Records excerpted from a collection
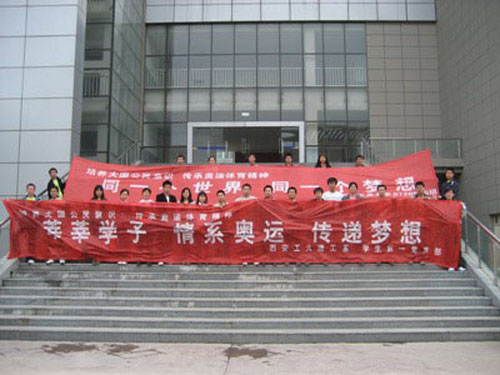 系列活动以“莘莘学子,情系奥运,传递梦想”为主题,分“迎奥运万人签名活动”、“健身迎奥运”篮球友谊赛和“我与奥运同行”讨论会三个板块,由西安工大建筑工程系与西工大机电学院研究生学生会联合举办。
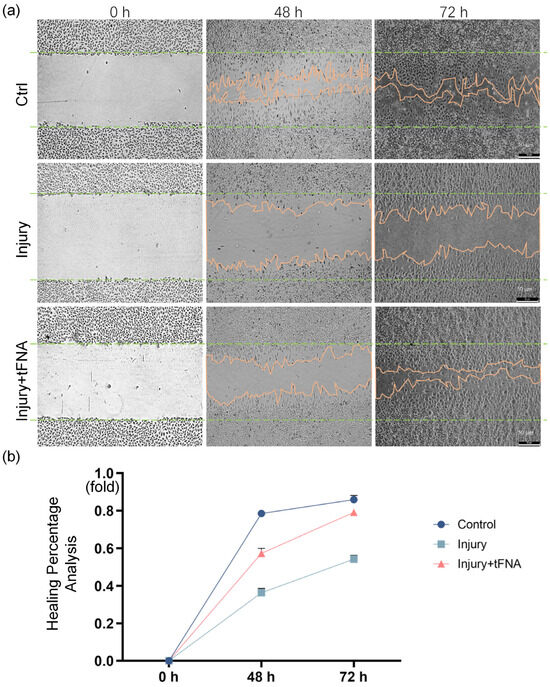 After confirmation of cell proliferation, we evaluated their migratory ability using a scratch assay (Figure 11a,b). Within 72 h after scratch modeling, the undamaged cells in the control group migrated normally and gradually to fill the scratch defects, and the healing ratio reached 78.50% and 85.89% at 48 and 72 h, respectively, whereas the cells in the injury group had a reduced migratory ability, and the healing ratio reached only 36.34% and 54.27% at 48 and 72 h, respectively. The migration ability of the damaged cells under tFNA treatment reached 1.57 times (57.37% healing percentage) that of the injury group at 48 h and 1.45 times (79% healing percentage) that of the injury group at 72 h.
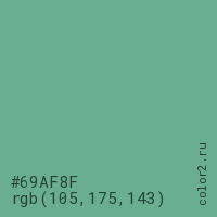 Цвет #69AF8F в цветовой модели RGB обозначается тремя октетами (105, 175, 143) в десятичном формате и #69AF8F в шестнадцатиричном (hex) формате, которые являются интенсивностью красного 105 (hex 69), интенсивность зелёного 175 (hex AF) и интенсивность синего 143 (hex 8F).
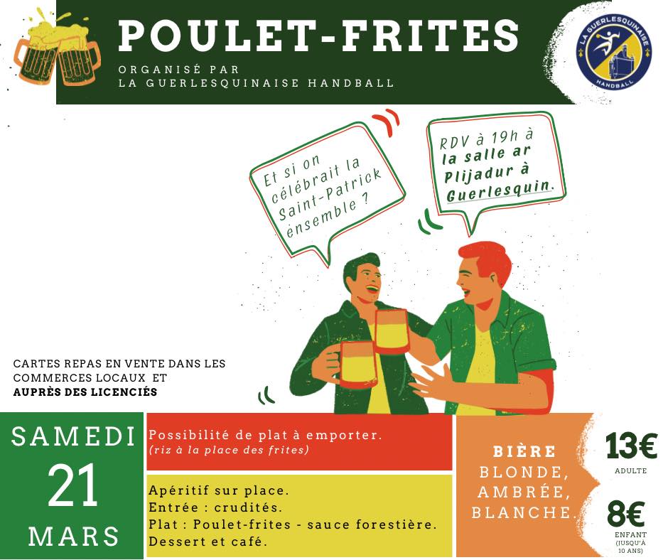 La Guerlesquinaise Handball organise un repas « poulet-frites » aux couleurs de la Saint Patrick le samedi 21 mars à partir de 19h à la salle Plijadur.
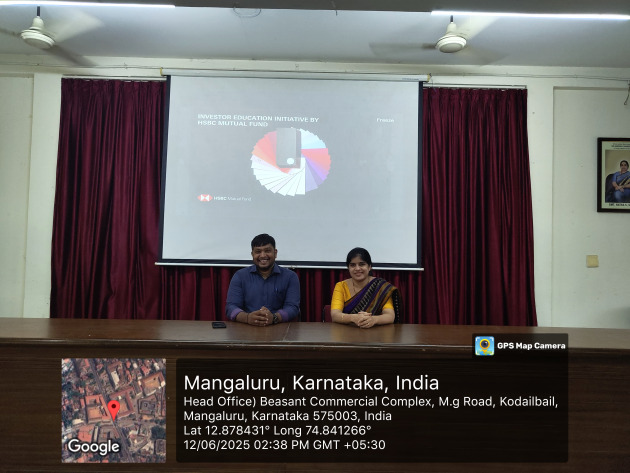 The programme featured Mr. Arjun Prakash, Assistant Professor at Aloysius Deemed to be University, as the resource person, who shared expert knowledge on mutual fund investments and their role in wealth creation. The event was coordinated by Mrs. Swathi Nayak, PG Coordinator, and witnessed active participation from 68 students, reflecting keen interest in understanding sustainable investment opportunities
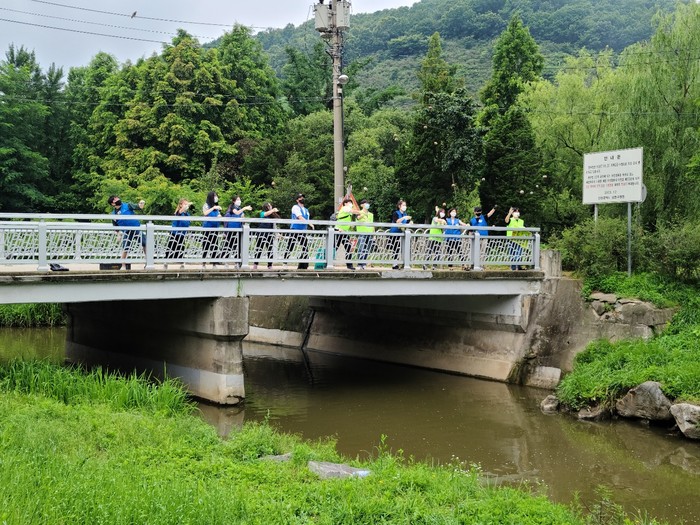 인천 남동구자원봉사센터는 최근 장수천 일대에서 대학생 자원봉사자 30여명이 참석한 가운데 수질정화 봉사활동의 일환으로 EM흙공 던지기 활동을 진행했다. 사진은 대학생들이 EM흙공을 던지고 있는 모습. (사진제공=인천 남동구청)
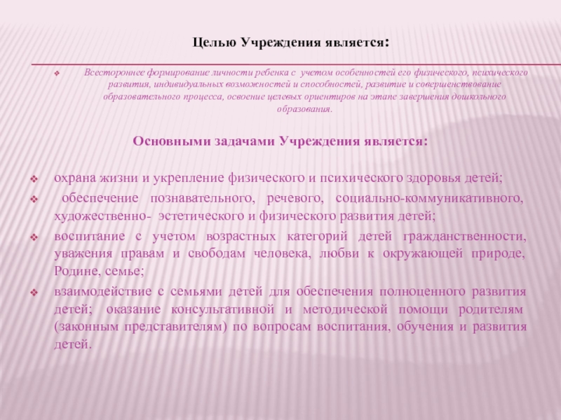 охрана жизни и укрепление физического и психического здоровья детей;
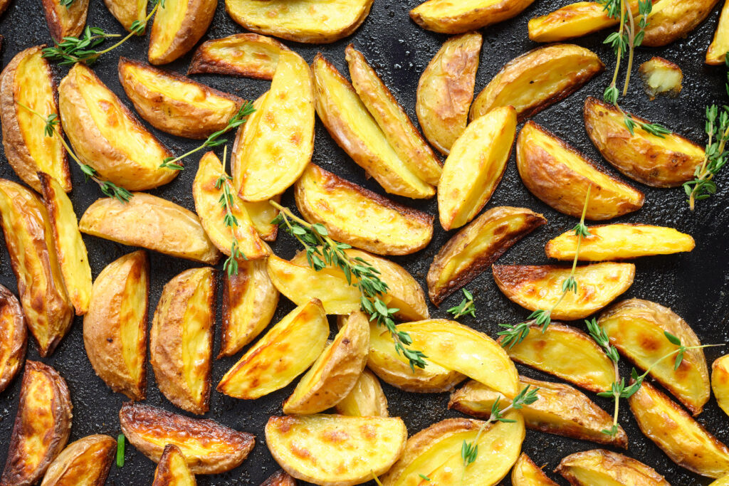 Kartoffeln gründlich waschen, in Spalten schneiden, mit Salz würzen. Auf einem eingeölten Backblech verteilen und mit 2 EL Öl beträufeln. Im vorgeheizten Backofen (E-Herd: 200 °C/ Umluft: 175 °C/ Gas: Stufe 3) ca. 40 Minuten garen.
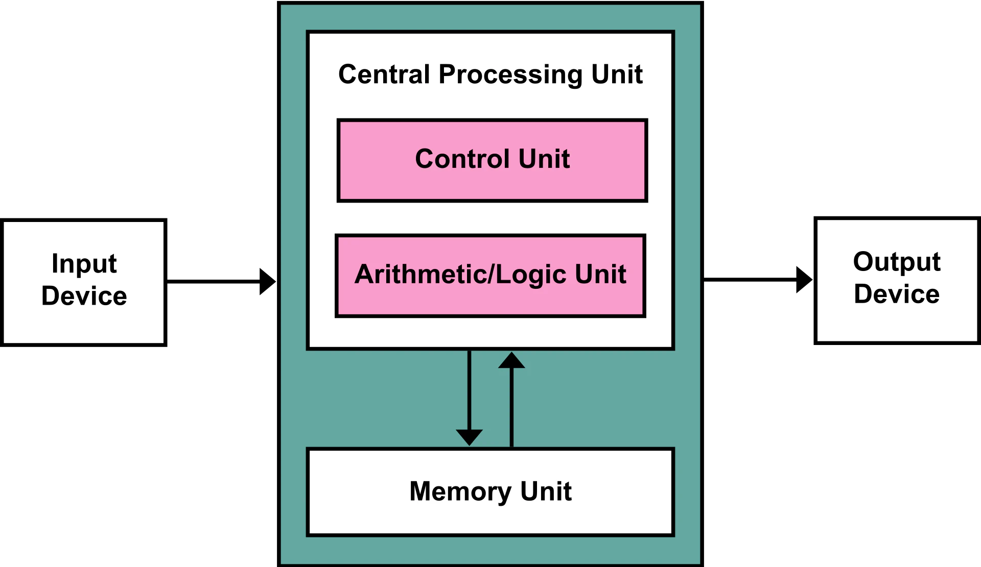 In a Von Neumann machine, like the one depicted above the processing unit is separated from the memory one, which stores both data and instructions. The processor reads the instructions from the memory, decodes them, retrieves the data on which it needs to operate from the same memory and, then, executes the instructions.

→ Exercise objective: The line containing "La Guerlesquinaise Handball" marks the end: copy exactly every line from the start of the records up to and including it, leaving out the pictures.

→ Finished exercise:
 系列活动以“莘莘学子,情系奥运,传递梦想”为主题,分“迎奥运万人签名活动”、“健身迎奥运”篮球友谊赛和“我与奥运同行”讨论会三个板块,由西安工大建筑工程系与西工大机电学院研究生学生会联合举办。
 After confirmation of cell proliferation, we evaluated their migratory ability using a scratch assay (Figure 11a,b). Within 72 h after scratch modeling, the undamaged cells in the control group migrated normally and gradually to fill the scratch defects, and the healing ratio reached 78.50% and 85.89% at 48 and 72 h, respectively, whereas the cells in the injury group had a reduced migratory ability, and the healing ratio reached only 36.34% and 54.27% at 48 and 72 h, respectively. The migration ability of the damaged cells under tFNA treatment reached 1.57 times (57.37% healing percentage) that of the injury group at 48 h and 1.45 times (79% healing percentage) that of the injury group at 72 h.
 Цвет #69AF8F в цветовой модели RGB обозначается тремя октетами (105, 175, 143) в десятичном формате и #69AF8F в шестнадцатиричном (hex) формате, которые являются интенсивностью красного 105 (hex 69), интенсивность зелёного 175 (hex AF) и интенсивность синего 143 (hex 8F).
 La Guerlesquinaise Handball organise un repas « poulet-frites » aux couleurs de la Saint Patrick le samedi 21 mars à partir de 19h à la salle Plijadur.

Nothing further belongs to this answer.